Fresh Doubts Cast Over Post-Marketing Trials

Applied Clinical Trials

Applied Clinical Trials, Applied Clinical Trials-07-01-2012, Volume 21, Issue 7

Criticisms of the pharmaceutical industry's real motives for undertaking post-marketing studies have been made by a special report in the British Medical Journal.

Criticisms of the pharmaceutical industry's real motives for undertaking post-marketing studies have been made by a special report in the British Medical Journal.

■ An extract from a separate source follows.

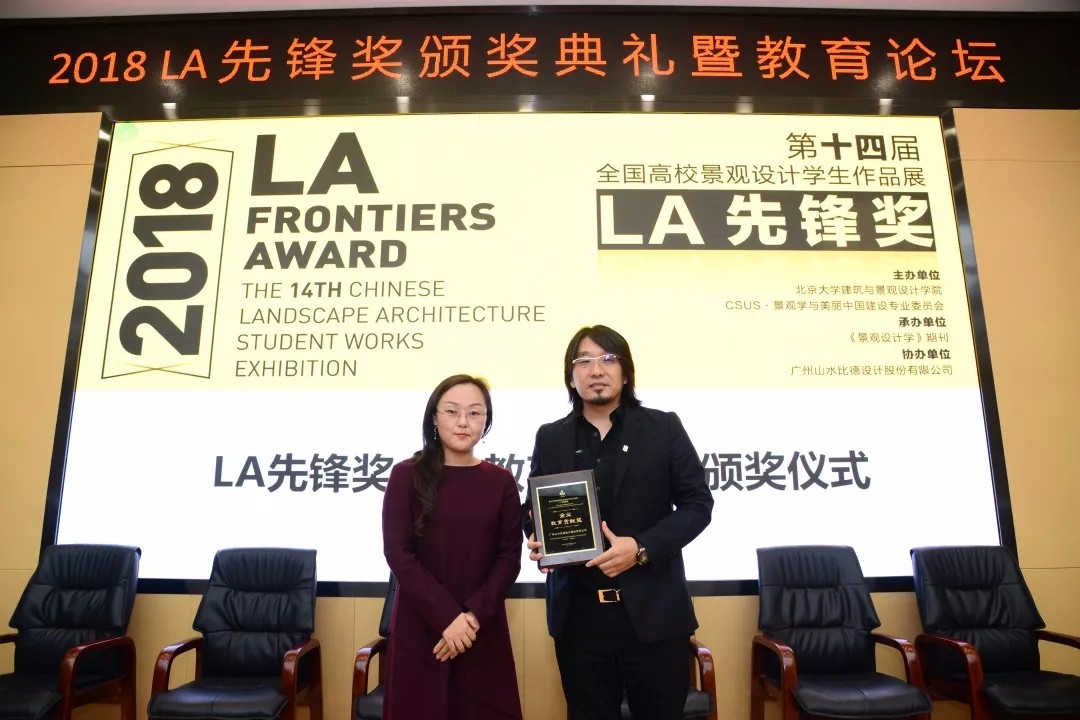 同時(shí),山水比德董事長兼首席設(shè)計(jì)師孫虎代表本次LA先鋒獎(jiǎng)的獨(dú)家支持贊助公司——山水比德,接受了主辦方頒發(fā)的“企業(yè)教育貢獻(xiàn)獎(jiǎng)”。

"These studies are challenging because of their observational nature, very different from the controlled settings of Phase II and III clinical trials. In theory, post-marketing studies are primarily used to answer an important clinical question: is this drug effective and safe in a non-controlled, real life setting? However, some of the studies I worked on were not designed to determine the overall risk/benefit balance of the drug in the general population. They were designed to support and disseminate a marketing message," noted the author of an editorial published on June 12, 2012 ("Post-Marketing Observational Studies: My Experience in the Drug Industry," BMJ, http://www.bmj.com/content/344/bmj.e3990).

The writer—who wishes to remain anonymous, and is referred to only as a former industry employee—admits to "playing" with the data. Other questionable practices are described, including the use of key opinion leaders to add credibility to the results and to influence decision makers and other prescribers.

Although the medical department developed the publication plans, designed the study, performed the statistical analysis, and wrote the final paper, the marketing team responsible for the product was directly involved in all stages and closely supervised the content of other educational scientific materials produced in the medical department and intended for potential prescribers, according to the author.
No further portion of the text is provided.